Nel corso della storia, le guerre hanno sempre seguito una sorta di schema comune: la penetrazione delle sfere di influenza esterne, ossia il modo di riorientarle, avveniva in maniera militare, cioè con un massiccio attacco da parte delle forze armate. Denominata “invasione”, questa prima fase aveva lo scopo di ridisegnare la propria area di influenza (anticamente essa coincideva coi territori su cui lo stato esercitava la propria sovranità), e ne seguiva una “stabilizzazione”.
La ricostruzione economica del Paese distrutto, che sedava eventuali rivolte dovute alla carenza di beni primari, propedeutica a far sì che lo spazio annesso al proprio dominio restasse tale.
A ribaltare questo paradigma sono stati, dal ’45 in poi, gli Stati Uniti: se già George Marshall aveva capito, nel 1947, il potere dell’economia nel compattare una sfera di influenza, i successivi stati maggiori hanno provato, col tempo, a integrare questo potere in una strategia bellica.

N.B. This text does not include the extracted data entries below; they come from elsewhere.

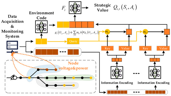 The observation–action vector of the distribution substation area agent is encoded into the initial input of the value network, with an initial set of attention weights assigned. The attention network continuously adjusts the attention weight coefficients assigned to each agent during training, enabling the value network to dynamically assess each substation’s contribution to the optimization objective. Based on the adjusted attention weights, the policy network is then guided in making strategy corrections. As shown in Figure 3, for any intelligent agent i, the input to its AECN can be divided into two parts: one part is the environmental information , which represents the agent’s observation-action combination encoding of the distribution network environment, and the other part is the attention information , which encodes the observation–action combinations of the other agents within the cluster: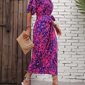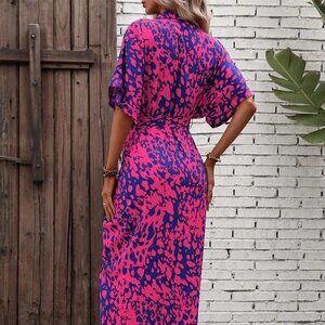 Multicolor Boho Womens Allover Print Batwing Sleeve Belted Shirt Dress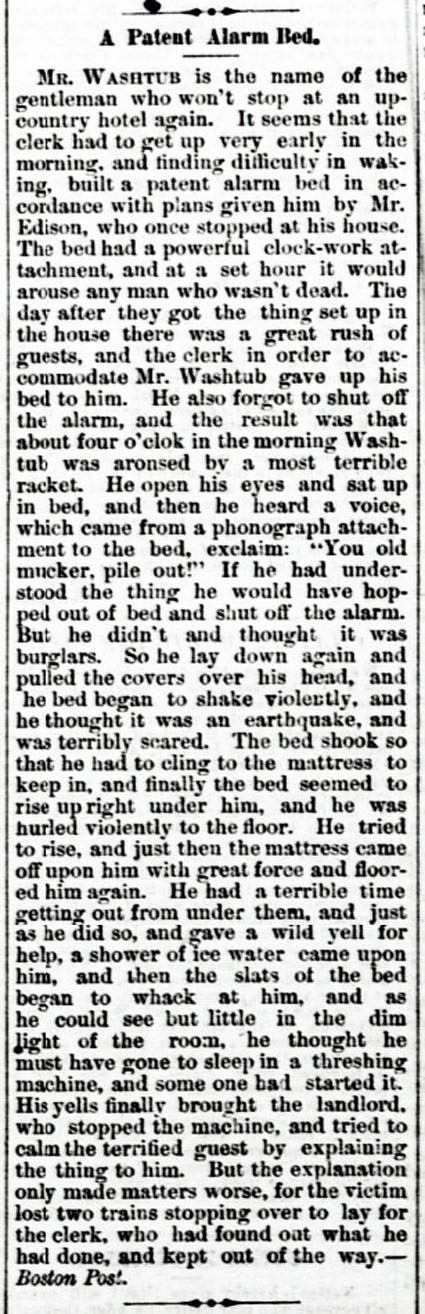 Alarm Bed with Phonograph attachment (supposedly built from "Edison's"

Nazioni come l’Afghanistan e l’Iraq nel 2001 rappresentano tentativi (non ben riusciti) di usare la penetrazione economica non tanto in chiave stabilizzatrice di un nuovo regime, ma in chiave destabilizzante per le strutture politiche preesistenti. Quest’idea di trasmissione culturale per cambiare un regime inverte le regole del gioco: se, fin ora, era stata principalmente la guerra a cambiare un regime e l’intervento economico aveva poi stabilizzato la situazione, adesso non è più così. Già ai tempi della Guerra di Corea, infatti, l’idea di “trasmettere i valori americani” (che è poi il “conquistare i cuori e le menti”) diviene di importanza maggiore già in teatro operativo, cioè in una fase in cui i risultati ottenuti manu militari non sono ancora stabili.
Questa nuova strategia in evoluzione, come dimostrato dai casi Iraq e Afghanistan, rappresenta ugualmente un passo avanti rispetto a quanto compiuto in millenni di storia bellica. Se, infatti, erano sempre state deputate alle alte sfere militari le costruzioni dei piani di guerra, ad oggi prende posto una pletora di tecnici civili e politici, che cercano di portare a una gestione differente del conflitto.
Certamente, gli insuccessi mediorientali ci dimostrano come questa strategia debba essere ancora migliorata, sta di fatto che lo studio della penetrazione economica delle aree di influenza, con successiva stabilizzazione militare resta, pur nella sua evoluzione partita dalla Corea e arrivata fino ad oggi, un probabile futuro per le attività belliche.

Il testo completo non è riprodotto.